China’s November import volume is 41,877 tons. It is 31,265 tons more than the October import volume. Compared to the same period last year, the November primary import volume was up by 258% YoY.
China’s November aluminum price performed very strongly. It was boosted by speculative funds to the year’s high record of RMB15380 on 14th of November. In the meantime, the LME price also increased by the driven of the high price in China. The Chinese aluminum price was so high that even when we add the relevant tax and import cost, the traders could still gain profits if they import the ingots. The spread between Changjiang and LME was widened to 296 in November. On 8th of November, Changjiang price was RMB812 higher than the LME cash.
Since the arbitrage window was opened, we started seeing the imported ingots in the market. Based on China Custom’s record, the imported ingots were mainly from Australia, Malaysia and Saudi Arabia in November.
We also noticed the imported ingots were mainly purchased by the big traders, not the final consumers. The big traders organized the imported ingots to be sold in Shanghai Free Trade Zone. Based on our information, the imported ingots from Glencore was over 10,000 tons in November.
Because of the long shipping time, it will be too risky for final consumers to buy the ingots from overseas. It will take at least one week for China to import ingots from its nearest supplier Korea. It will take at least one month for China to by ingots from other countries. The price can very quickly change in that time.

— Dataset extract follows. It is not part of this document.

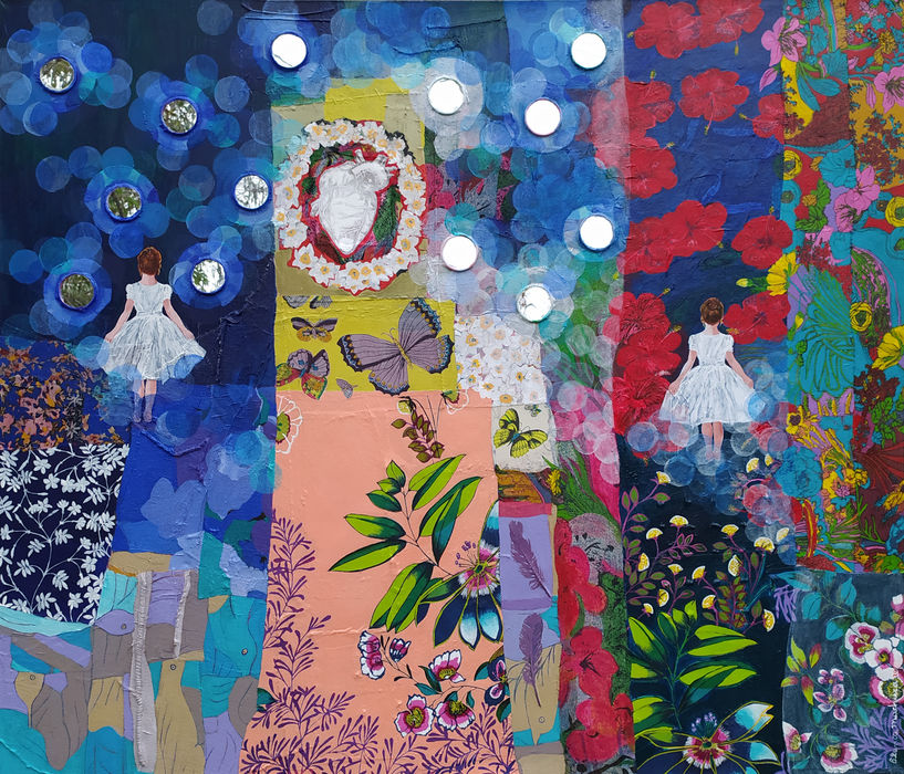 BLANCA MACHUCA elogio al jardin - 2021 Puedo imaginarla sentada en la quietud del taller. Puedo imaginarla parada en el pasto, detenida en la contemplación de cielos cambiantes o en el ritmo lento del crecimiento de las plantas. En el jardín el tiempo es más lento, no hay prisa…dice Blanca Machuca y puedo imaginarlo. Con la misma coherencia de sus trabajos anteriores las obras actuales recuperan los temas que siempre le interesaron: la mujer (las mujeres), la tierra, la memoria o la recuperación de tradiciones regionales. Pero todo aparece hoy como rodeado por el silencio de un tiempo suspendido. Un tiempo que agudizó la percepción e impuso su no-tiempo. Las pinturas de Machuca evocan su tránsito por el jardín, la contemplación detenida de un trozo de cielo interceptado por una flor o una rama, un cielo caído sobre la hierba, los pies anclados (enraizados) en la tierra. Una tela prístina, recupera, quizás con la misma parsimonia, el deambular lánguido de las fases lunares y los bordados atrapan secretos cristales, talismán necesario más que nunca. La artista despliega así un entramado amoroso de contención construido con trazos, incrustaciones, hilos. Puedo imaginarla abrazada por la calma del jardín, sanándonos. Puedo imaginarnos, extasiados, frente a sus entrañables objetos artísticos. María Teresa Constantin Miembro de la Asociación Argentina de Críticos de Arte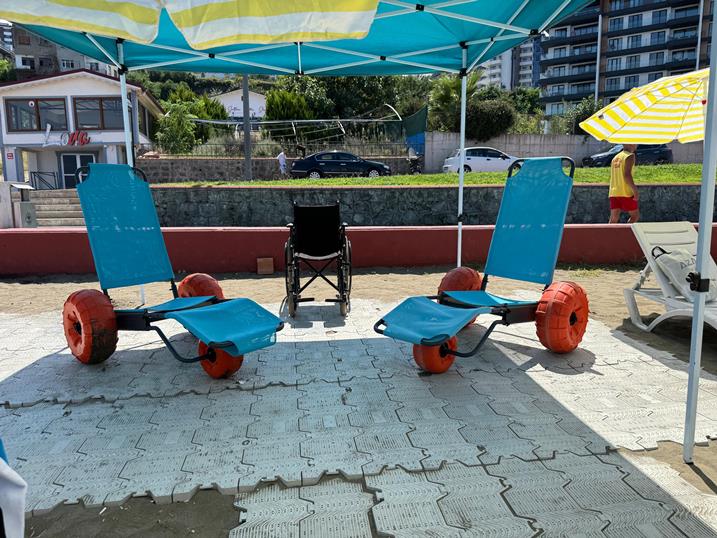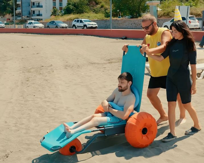 Trabzon Büyükşehir Belediyesi, özel gereksinimli bireylerin sosyal yaşamın her alanında yer alabilmeleri ve hayatlarının kolaylaştırılması amacıyla önemli çalışmalara imza atıyor. Bu kapsamda, Ortahisar ilçesi Yalıncak Mahallesi’nde bulunan Yalıncak Plajı’nda özel gereksinimli bireylerin güvenle denizin keyfini çıkarabilmeleri için özel bir alan hizmete sunuldu. Refakatçi eşliğinde plaja gelen özel gereksinimli vatandaşlara yüzme sürecinde belediye görevlileri tarafından destek sağlanıyor. Böylece özel gereksinimli bireyler, yaz mevsiminin tadını doyasıya yaşama imkanı buluyor. Sabah 10.00 ile akşam 18.00 saatleri arasında hizmet veren Yalıncak Plajı’nda güvenlik personeli ve cankurtaranlar da sürekli görev başında bulunuyor.

When Chinese aluminum price started correcting itself in December, we started noticing the LME price still remains stable. The arbitrage window closed in December. The LME price was around RMB1956 higher than the Changjiang price on 20th of December. Other than Guandong province which still have some overseas ingots from the pervious imports, other major market areas have no imported ingots in December.
We will not be surprised to see the China Custom primary import figure will have a big drop in December.
In the meantime, we noticed the continue dropping primary export and the increased semi exports. Plus the large imported primary ingots figure in November, it supported our point that the excess capacity is in downstream, not in primary.